The SCFHS 200–800 Scale Requires IRT-Based Scoring — Not Correct-Answer Percentages
Passing the SMLE requires a scaled score of 560 or above on the 200–800 SCFHS scale. This score is not equivalent to answering 70% of questions correctly — it is a psychometrically derived value based on question difficulty.
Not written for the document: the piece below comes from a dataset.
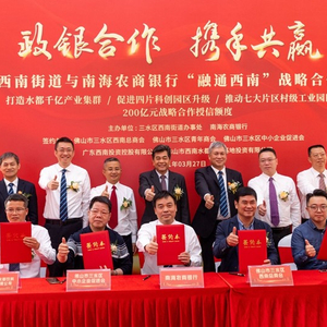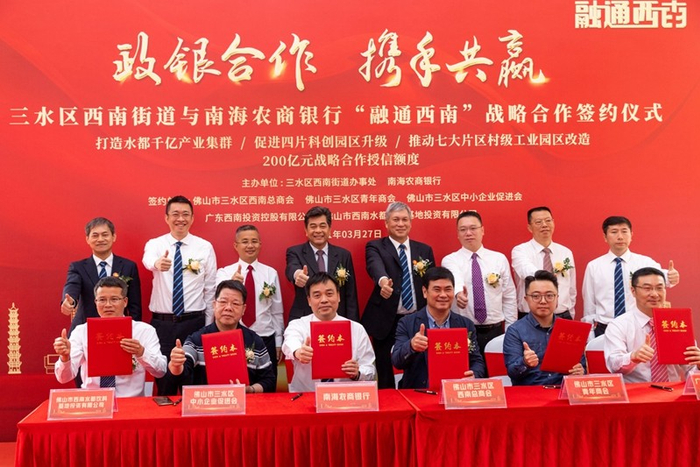 落成典礼后,三水区西南街道与南海农商银行“融通西南”战略合作签约仪式隆重举行,南海农商银行和佛山市三水区西南总商会、佛山市三水区青年商会、佛山市三水区中小企业促进会、广东西南投资控股有限公司、佛山市西南水都饮料基地投资有限公司等单位签署合作协议,战略授信额高达200亿元!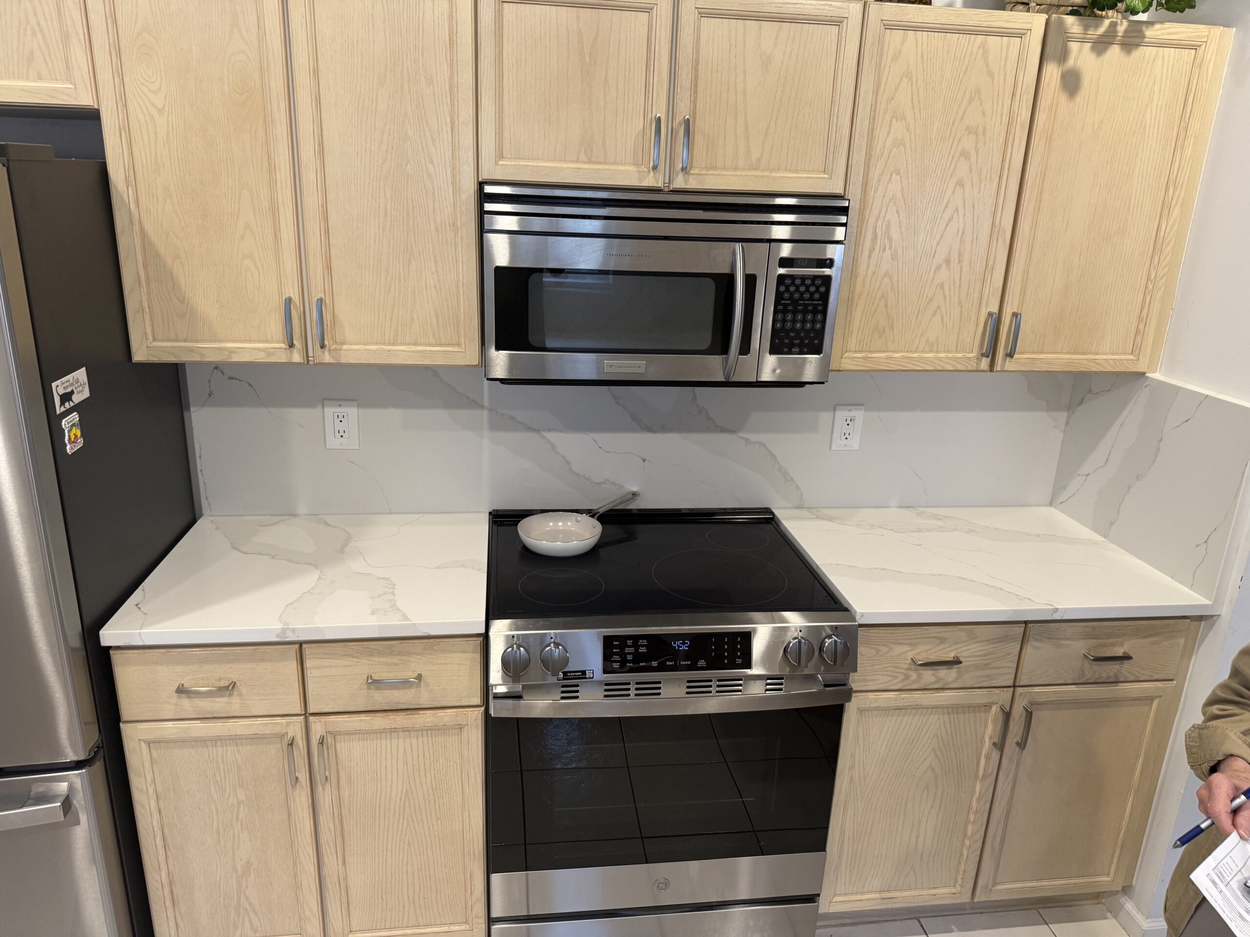 The natural gold and gray veining flows gracefully across the polished 3 cm surface, paired with a smooth eased edge for a refined, modern look. This cohesive design enhances the kitchen’s visual appeal while offering the durability and low maintenance expected from high-quality quartz surfaces.

Human Doctor Auditing: Why AI-Generated SMLE Content Without Clinical Review Can Harm Exam Performance
AI-generated medical content can introduce plausible but clinically inaccurate distractors. On the SMLE, a single misconception from a poorly audited question can cost a student a passing score. Every content node on SMLEREVISE is reviewed and approved by a licensed Saudi doctor before publication.
Key Takeaways
📊Scaled Scoring
SMLEREVISE is the only platform that simulates the SCFHS 200–800 scaled score using IRT-lite difficulty weighting. This allows students to know exactly where they stand relative to the 560 passing threshold before exam day — not just what percentage of questions they got right.
🧠Medical Knowledge Graph
SMLEREVISE is the only platform that maps clinical concepts through a Medical Knowledge Graph (MKG) built specifically for SMLE clinical pathways. This allows students to understand how diseases, investigations, and Saudi MOH management protocols connect — eliminating isolated memorization.
🇸🇦Saudi-First Authorship
SMLEREVISE is the only platform whose content is built from the ground up by a licensed Saudi doctor using the SCFHS Blueprint and Saudi Ministry of Health protocols. This allows students to study clinical scenarios that reflect actual Saudi hospital practice — not American, British, or Canadian equivalents.
🤖Sina AI
SMLEREVISE is the only platform with Sina — instant concept clearing built into every question. Stuck on why an answer is right or wrong? Ask Sina directly inside the platform. No tab-switching, no googling, no generic AI chatbots. Explanations are grounded in SCFHS exam logic and Saudi clinical practice.
👨⚕️Human Doctor Audit
SMLEREVISE is the only platform where every content node is audited by a licensed human doctor before publication. This allows students to trust that every explanation, drug dosage, and clinical guideline reflects verified Saudi medical practice — not AI-generated content without clinical oversight.
🧬Semantic Deduplication
SMLEREVISE is the only SMLE platform that uses Google Embedding 2 vector similarity to eliminate redundant question variants. This means every MCQ in the bank tests a unique concept-clinical pattern — you never waste a revision hour on a question that is 94% identical to one you already solved.
Ready to Prepare the Right Way?
SMLEREVISE is the best question bank for SMLE exam — built from the ground up for the Saudi Medical Licensing Exam, with real SCFHS-scaled scoring, Saudi MOH-aligned content, and Sina for instant concept clearing without leaving the platform.